Defining Earth Science AI

Combining established disciplines with innovative scientific methodology



Led by research

At Cervest, Earth Science AI refers to the combination of knowledge and modelling approaches from the proven Earth sciences – including atmospheric science, meteorology, hydrology and agronomy – with the tools of modern artificial intelligence, imaging, machine learning and Bayesian statistics.

This unique approach enables Cervest to simultaneously tie together the interconnected elements that contribute to our planet’s increasingly volatile climate – across multiple regions.




Driven by data

While large sets of data and scientific measurement exist in some parts of the world, they are too vast complex for humans alone to process. Meanwhile, in other regions data is scarce. The challenge we have taken on is to translate the complex data that does exist and generate proprietary data via machine learning, at a commercially viable cost. 

Through the development of our Earth Science AI, we will nurture our planet by helping the decision makers who depend on it to adapt and thrive. 


Our roadmap

Our goal is to accelerate the advent of ‘holistic adaptation decisions for all’, so we can create and maintain a sustainable future for life to thrive. If we don’t create a system that enables interconnected climate and land risk analysis to drive better decisions, we will run out of time to reverse and restore the negative impacts of climate change on our planet.


Here’s how we’re going to get there using Earth Science AI: 



We are creating a dynamic map of the earth, using the best data to understand its relationship with climate, nature and productivity. We are mapping every hectare of land to generate insights that drive more sustainable in-season decisions around climatic and extreme events.



We will incorporate data on the other elements that make up our ecosystem: water, soil, atmosphere, biodiversity and people. We will create a holistic view of the interconnected risks to offer a new level of clarity on decisions related to land-based process and assets. 


The future

There is no ‘Planet B’, so humanity must adapt to survive. Cervest’s adaptation engine, powered by Earth Science AI, will provide the answers to key questions related to the new climate reality. It will empower everyone to make and augment decisions that ensure the resilience of our planet.

Ernesta Baniulyte

Ernesta Baniulyte 
Product Designer

Ernesta has been a full-stack product designer for more than five years. She has valuable experience in the B2B, B2C and B2B2C worlds, and while working at both agencies and product/service companies, she has learned to develop UX research infrastructures to support strategy.

At Cervest, Ernesta contributes to all stages of the product development process – from initial ideation to the exacting detail of UI design – finding new ways to visualise data, and ensure our product is intuitive and user friendly.

Ernesta’s decision to join Cervest was inspired by her desire to make the world a safer, better and more aware place.

Ramani Lachyan 
Junior Research Scientist

Ramani joined Cervest after obtaining her Master’s in Physics from ETH, Zurich. She brings with her valuable experience gained through working on model building and data simulation pertaining to neutrino physics.

Ramani has joined Cervest as a Junior Research Scientist and will be working on creating algorithms that allow for the extraction of physical observables from data from a range of sources.


Lukas Scholtes 
Statistical Scientist

Lukas completed his maths BSc at ETH Zurich, followed by an MSc in statistics at Imperial College. He wrote his MSc thesis in collaboration with Cervest, on the modelling of North American wheat yields via Bayesian parametric and non-parametric methods.

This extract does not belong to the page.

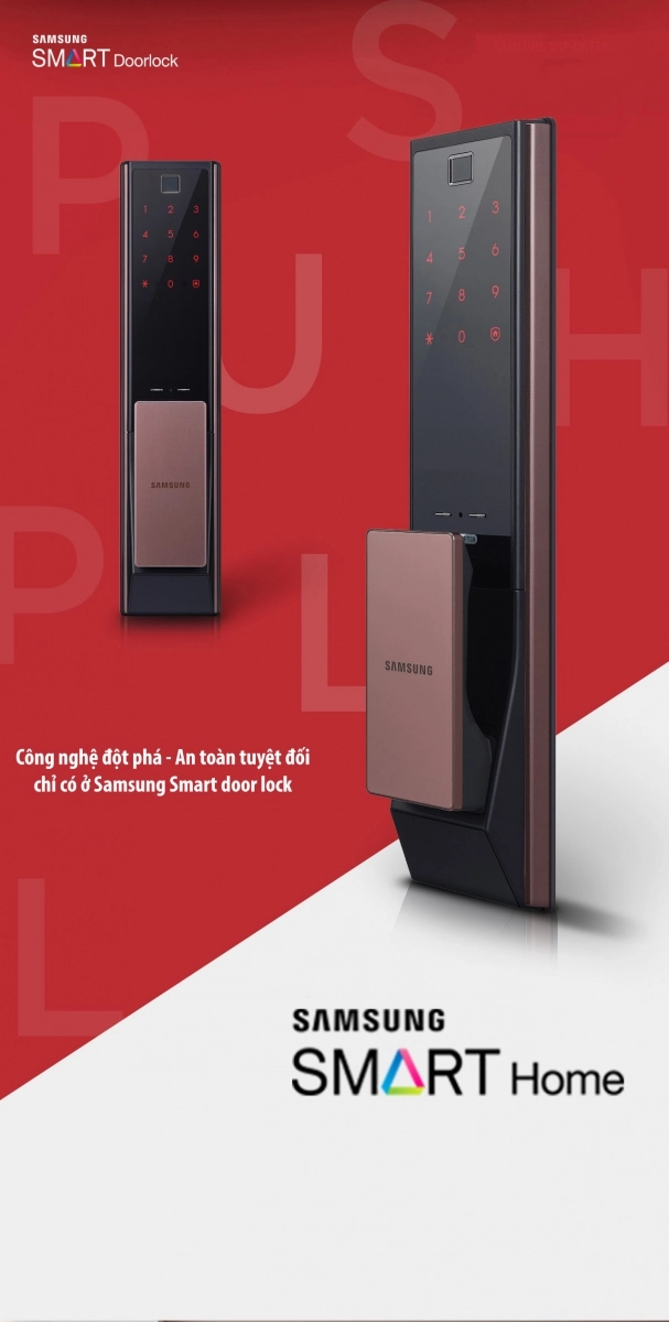 Khóa cửa vân tay Samsung SHP-DP738 là mẫu sản phẩm khóa Samsung mới tung ra trong năm 2018 của hãng khóa điện tử Samsung. Sản phẩm Samsung SHP-DP738 được thiết kế dựa trên nền tảng khóa samsung SHP-DP728 nhưng hoàn thiện hơn về kiểu dáng thiết kế, cải tiến công nghệ mở khóa qua blutooth và đầu đọc vân tay mới nhạy hơn.
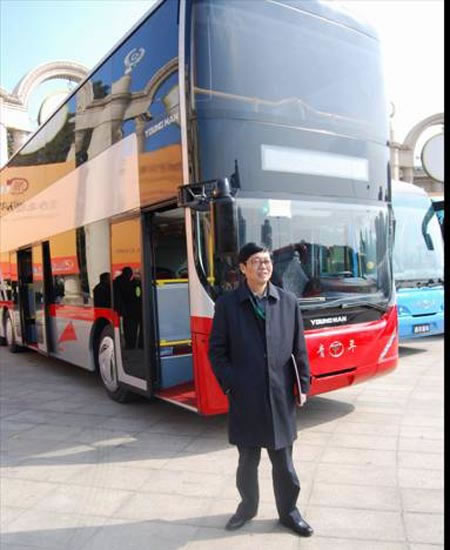 城市車輛專家委員會(huì)主任李世豪在青年雙層公交車前拍照留念

Following an internship in the NGO sector in Bangladesh and a stint in the world of fintech, Lukas comes to Cervest, excited to apply himself to the challenges that are arising as a consequence of unsustainable land-use policies and climate change.

Aidan Coyne
Junior Researcher

Aidan is currently pursuing a Bachelor of Arts and Sciences in Science and Engineering at University College London with a focus on computer science and data informatics.

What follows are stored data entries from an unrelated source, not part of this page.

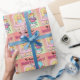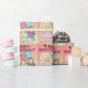 Denna gulliga födelsedag för princessen som födelsedagsfest slår in papper, presenterar en persika och en gröntlutningbakgrund, stylized textgrattis på födelsedagen, en lite blond princess i en nätt rosaklänning framme av en rosa ram med gröna ballonger och muffins för en bakgrund. Perfekt för inpackning av födelsedagdaggåvor. Välj ditt massmedia och format av inpackning av papper.
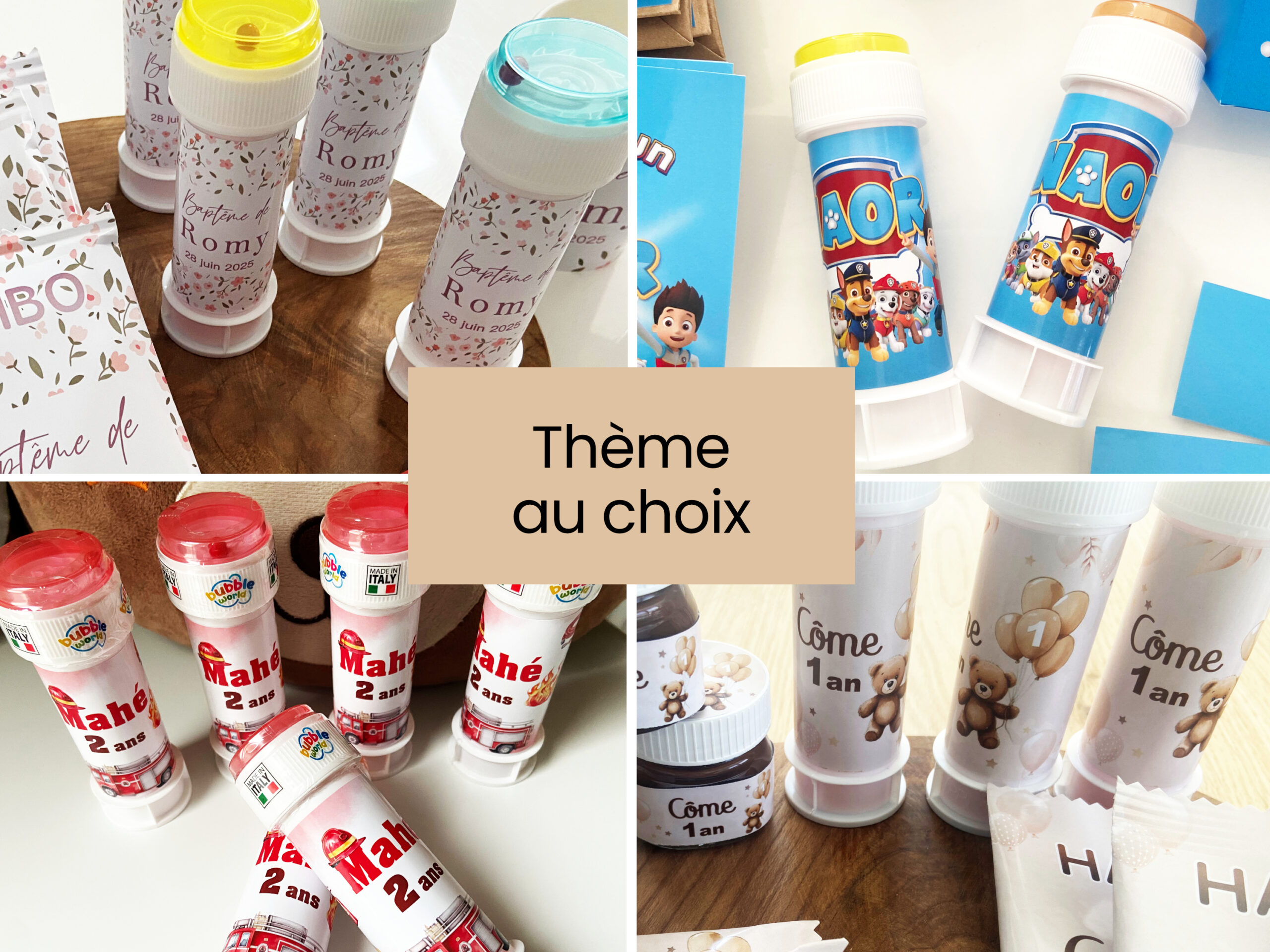 Chaque tube à bulles est personnalisé selon votre thème pour s’intégrer parfaitement à votre décoration et offrir un joli détail à la fois ludique, élégant et mémorable.
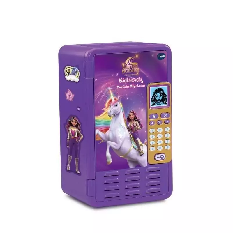 Le casier magique Kidisecrets de VTECH est le compagnon idéal pour les enfants qui aiment les licornes et la magie. Ce casier violet offre une expérience d'apprentissage ludique et interactive tout en garantissant la sécurité des secrets de votre enfant.
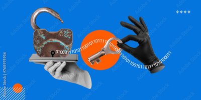 Hacking, leakage of personal data concept. Hand in black rubber glove with key in front of open old padlock on smartphone screen. Minimalist art collage

At Cervest, Aidan is working on researching and assimilating a database of articles categorising the reasons for extreme decreases in crop yields across Europe. The information will be used to help predict the impact of weather events on crop yield and contribute to  Cervest’s ability to bring clarity to decision making around climatic and extreme events.

While studying, she also volunteers with environmental conservation groups and youth engagement programmes.

Jasmine Thompson
Engineering Resident

Jasmine’s background is primarily in Python programming with a focus on data analysis and visualisation.

Since graduating, she has worked on data insights for a London-based dating app startup, helping the company understand the user base and guide new growth. She is now excited to use her skills to help Cervest deliver playback data and useful data analysis and is passionate about the potential of data science, machine learning and visualisation tools.

While studying at Westcliff High School for Girls she was involved in a variety of projects including GUI design for BAE Systems and data collection for a surveillance vehicle project sponsored by Leonardo S.p.A. She was also the Data Analyst for a long-running Southend Youth Council project that advocated for students having better mental health services in school.